Results: In this study, we developed a novel computational method, TRANSDIRE (TRANS-omics-based approach for DIrect REprogramming), to predict the TFs that induce direct reprogramming in various human cell types using multiple omics data. In the algorithm, potential PFs were predicted based on low signal chromatin regions, and the cooperative TFs were predicted through a trans-omics analysis of genomic data (e.g. enhancers), transcriptome data (e.g. gene expression profiles in human cells), epigenome data (e.g. chromatin immunoprecipitation sequencing data) and interactome data. We applied the proposed methods to the reconstruction of TFs that induce direct reprogramming from fibroblasts to six other cell types: hepatocytes, cartilaginous cells, neurons, cardiomyocytes, pancreatic cells and Paneth cells.

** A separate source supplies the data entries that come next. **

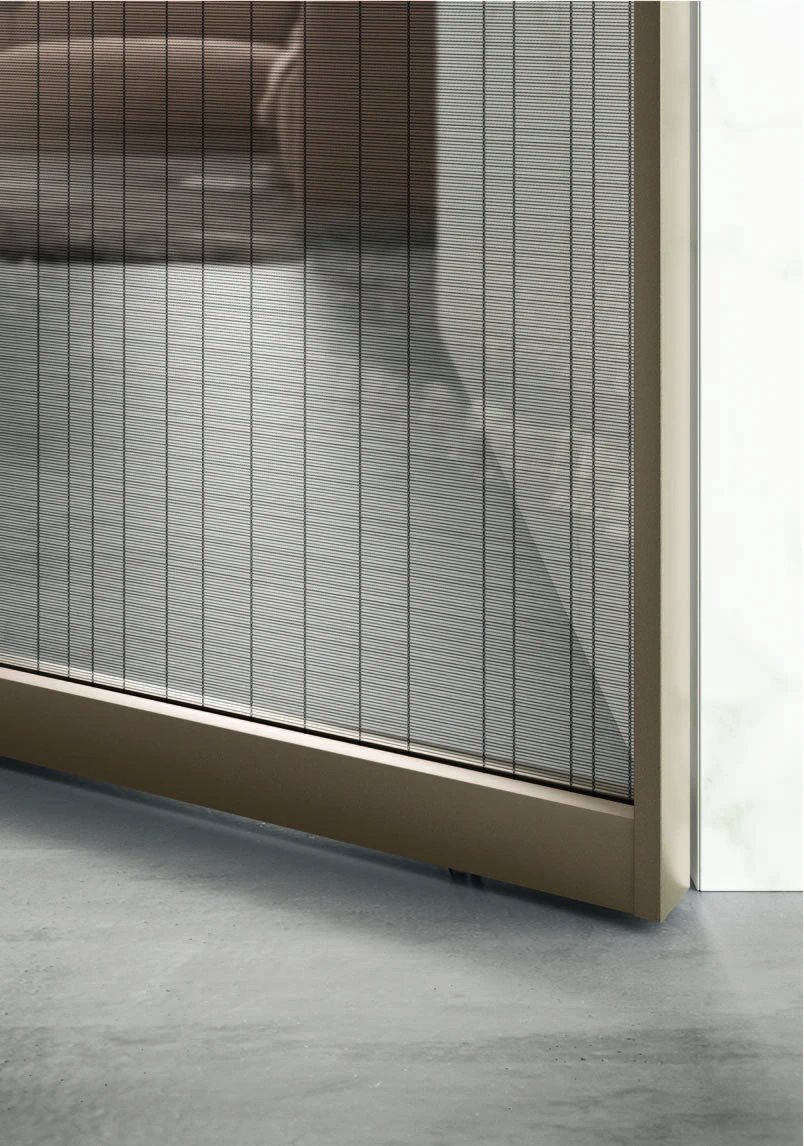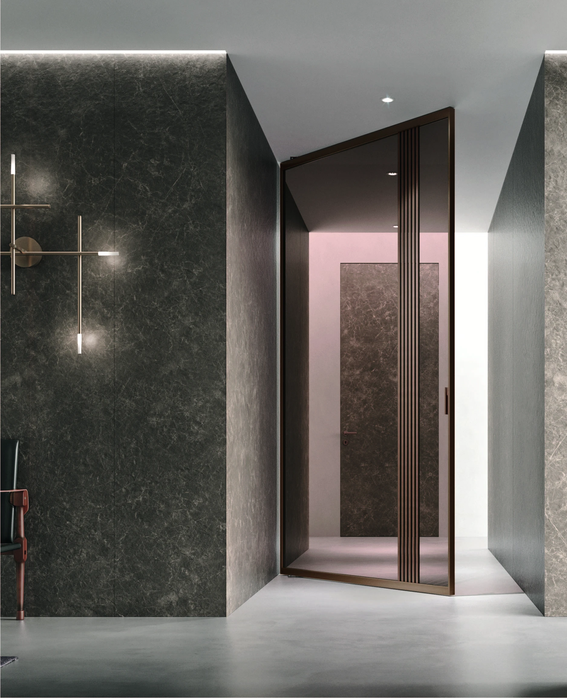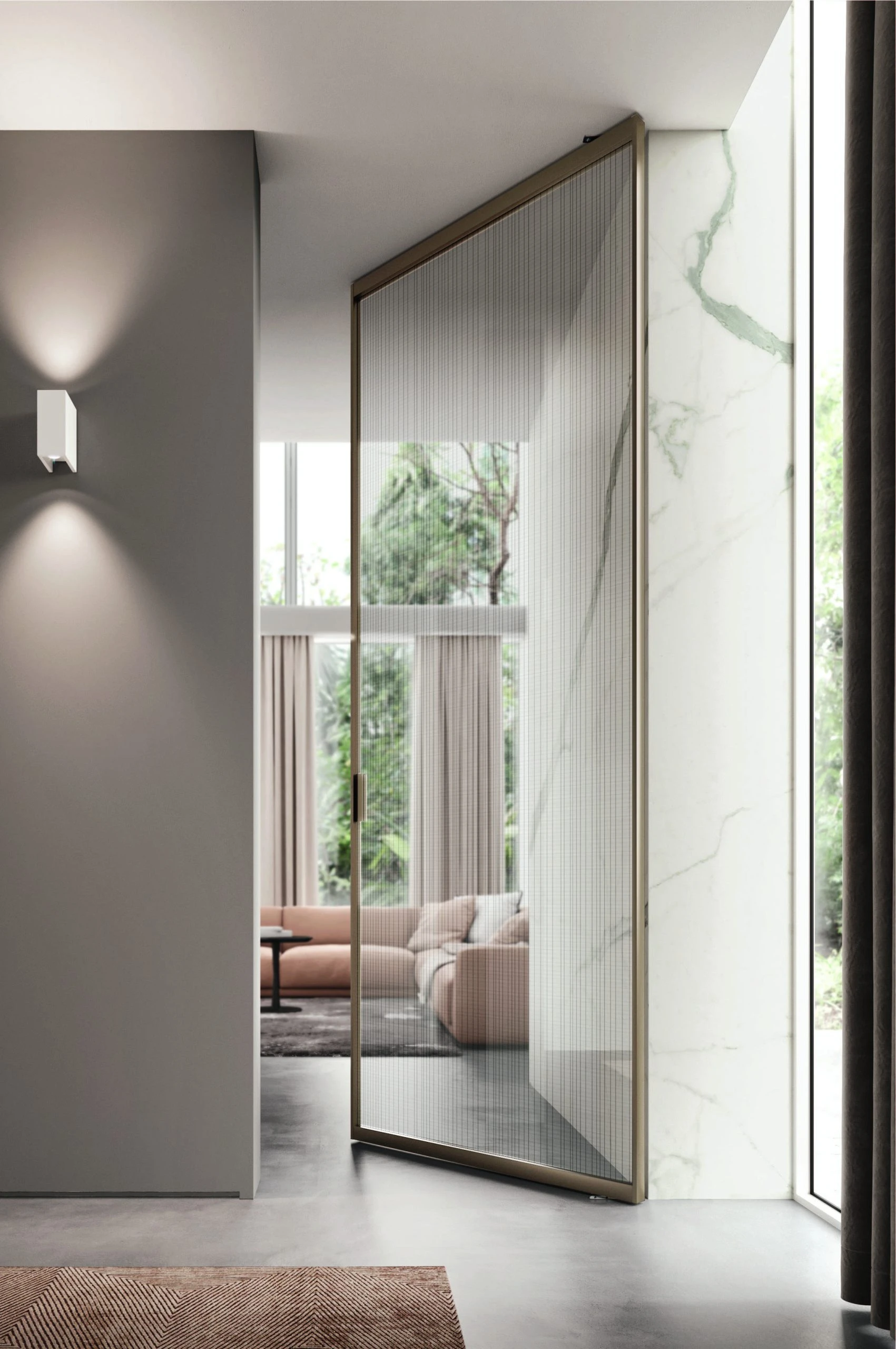 Usa Bilico se roteste pe un pivot, iar sticla, cu diferite finisaje, este incadrata de o rama subtire din aluminiu lacuit sau invelit in folie. Sistemul este bidirectional si poate fi integrat printr-o balama cu autoinchidere.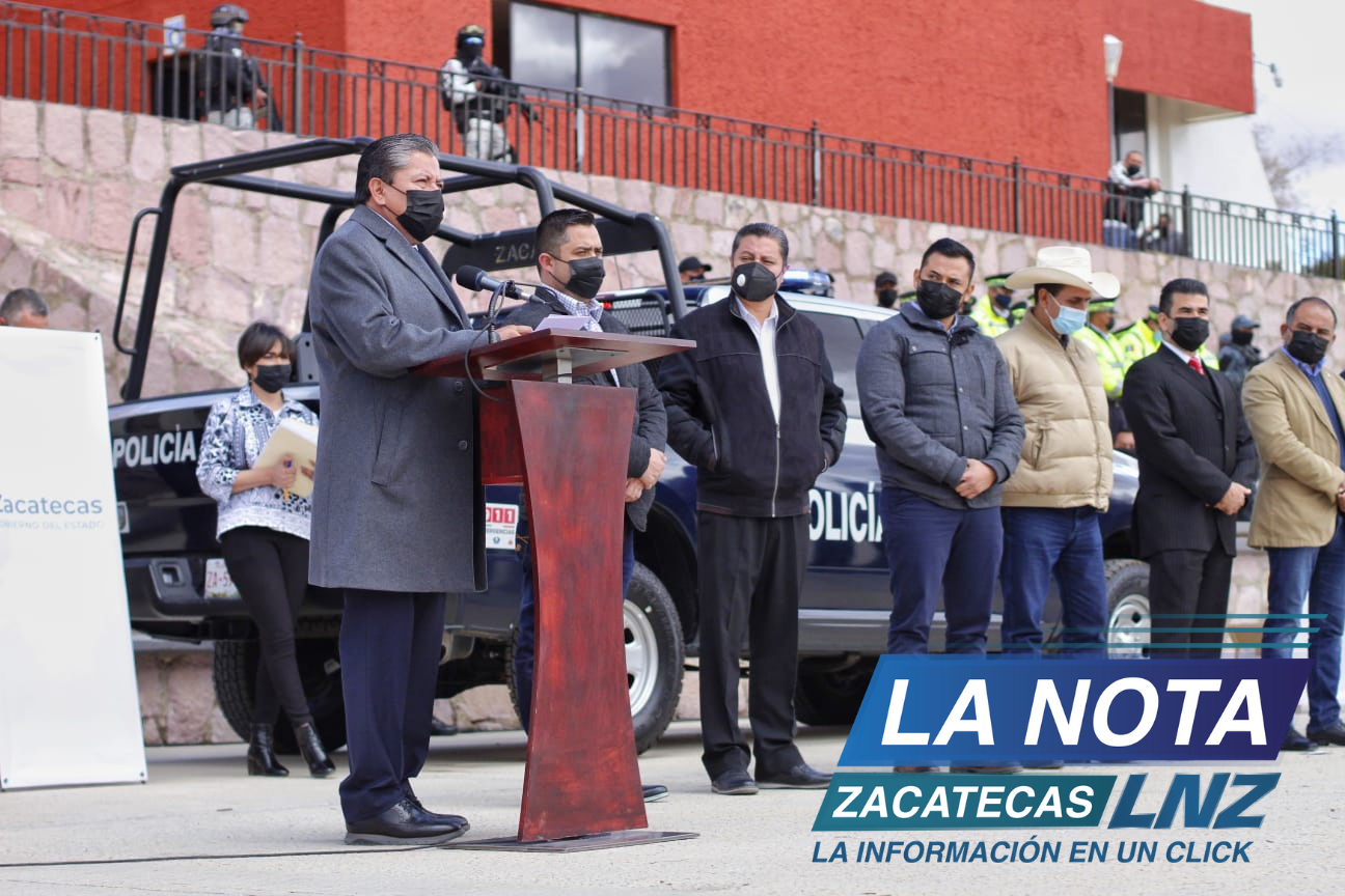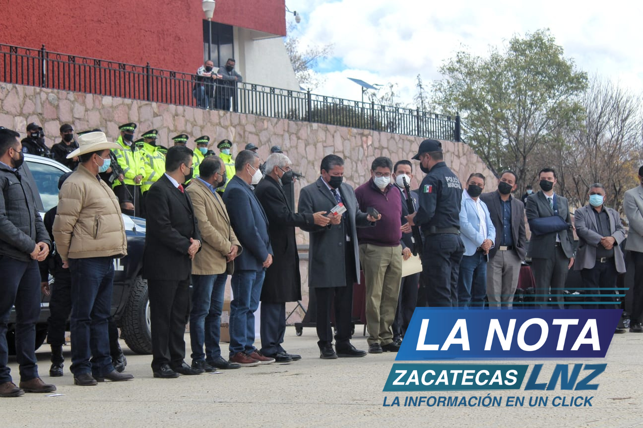 «Hoy recibirán carro con radio patrulla el municipio de Jerez, Villa Hidalgo, Ojocaliente, Panuco, Vetagrande… Carro patrulla para la Secretaría de Seguridad Pública, la Policía Estatal Preventiva, la Metrópol y recibirán motocicletas patrulla la de Fresnillo, la de Zacatecas, Ojocaliente y Loreto…», Señaló el mandatario.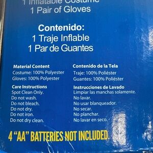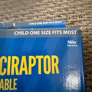 Unleash your inner dinosaur with the Inflatable Velociraptor Costume & 1 pair of gloves. NWT NEVER WORN. Fits up to 5’1”. CHILD ONE SIZE FITS MOST. This blue costume is perfect for reptile enthusiasts and costume parties. Easy to inflate and comfortable to wear, it's a fun addition to any event. UNISEX SFPF HOME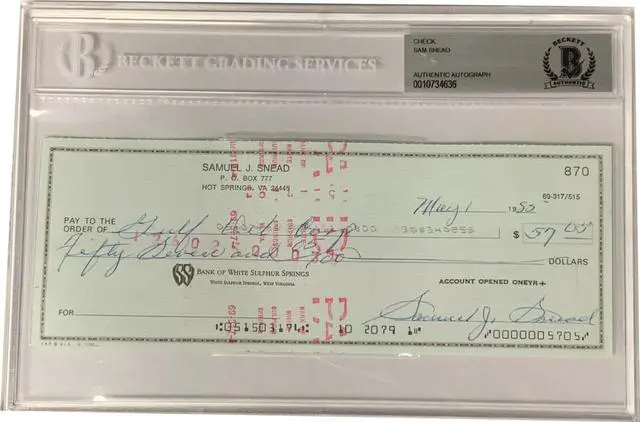 Sam Snead was one of the top players in the world for most of four decades. Snead won seven majors: three Masters, three PGA Championships and one British Open. Sam Snead has hand signed this Bank Check Signed In Blue Beckett BAS #0010734636.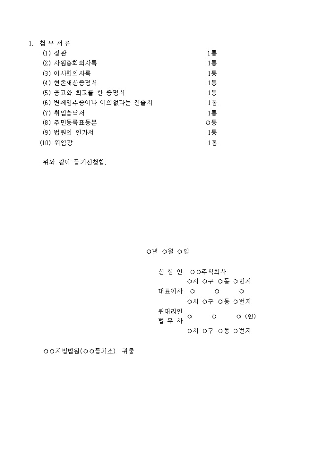 주식회사 설립등기 신청서

We demonstrated that the methods successfully predicted TFs for most cell conversions with high accuracy. Thus, the proposed methods are expected to be useful for various practical applications in regenerative medicine.
Availability and implementation: The source code and data are available at the following website: http://figshare.com/s/b653781a5b9e6639972b.
Supplementary information: Supplementary data are available at Bioinformatics online.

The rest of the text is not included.